Linear equations are mathematical statements that describe a straight-line relationship between two variables. In this exercise, we see linear equations being used to find the height of a person based on the length of their bones. For instance, the formula for a man’s height using the femur length is \[h(r) = 69.09 + 2.24r\]. This equation tells us that the height (\(h\)) increases by 2.24 cm for every 1 cm increase in femur length (\(r\)).Linear equations are straightforward to solve. You can plug in known values to find unknown ones, making them highly useful in fields like forensics or biometrics, where fast and accurate measurements are needed.

Substitution Method

The substitution method is a technique used to solve equations by replacing one variable with an equivalent expression involving another variable. In this exercise, we substitute the given bone lengths into the height formula to find the heights. For example, we use the femur length of 56 cm for a man: \[h(56) = 69.09 + 2.24 \times 56\]This substitution makes the equation only about the height (\(h\)), which simplifies the calculation to finding a single unknown. Simply perform the arithmetic to get the height. This method is widely used in algebra to make complex problems solvable.

Function Evaluation

Function evaluation involves calculating the output of a function given specific input values. For height calculations using bone lengths, we evaluate the function by plugging in the bone length into the formula.
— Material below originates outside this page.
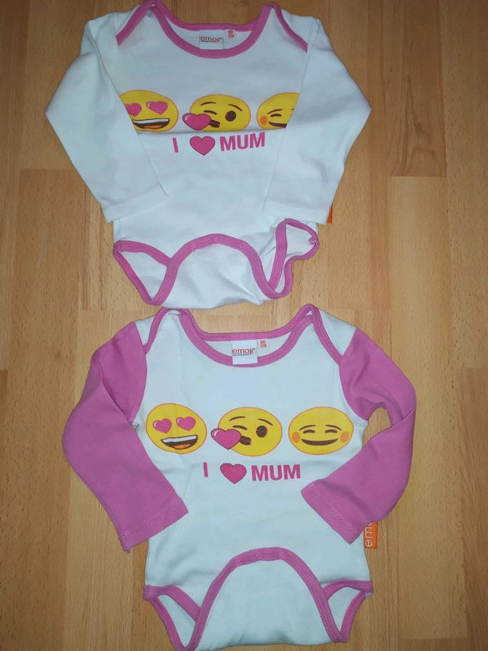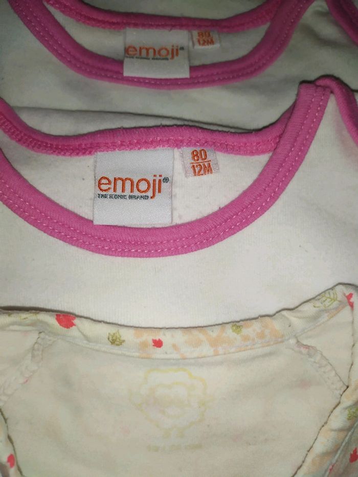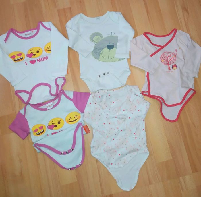 #9moisbebefilleceliapinho #12moisbebefilleceliapinho Lot 5 bodies 💫 portés mais en bon état général 💫 les bodies emojis : petits trous (voir photo 5) 💫 manches longues 💫 9 à 12 mois

For example, to find the height of a man with a tibia length of 40 cm: \[h(40) = 81.69 + 2.39 \times 40\]By performing the arithmetic, we get the height. Function evaluation helps us understand how changing input values (bone lengths) affect the output (height). This concept is essential in many scientific calculations where we have predefined relationships between variables.

Biometric Measurements

Biometric measurements refer to the statistical analysis of people's physical characteristics. These measurements are crucial for identifying individuals and making forensic determinations. In this exercise, the lengths of the femur and tibia are used as biometric measurements to estimate height. The given formulas provide a reliable means of converting bone lengths into height, which is useful for forensic science

• Height estimation from bone lengths allows accurate identification of unknown remains.
• Key in criminal investigations and historical studies.
• Useful in medical fields to understand growth patterns.

Understanding how to use biometric measurements can open doors to various applications in science and law enforcement.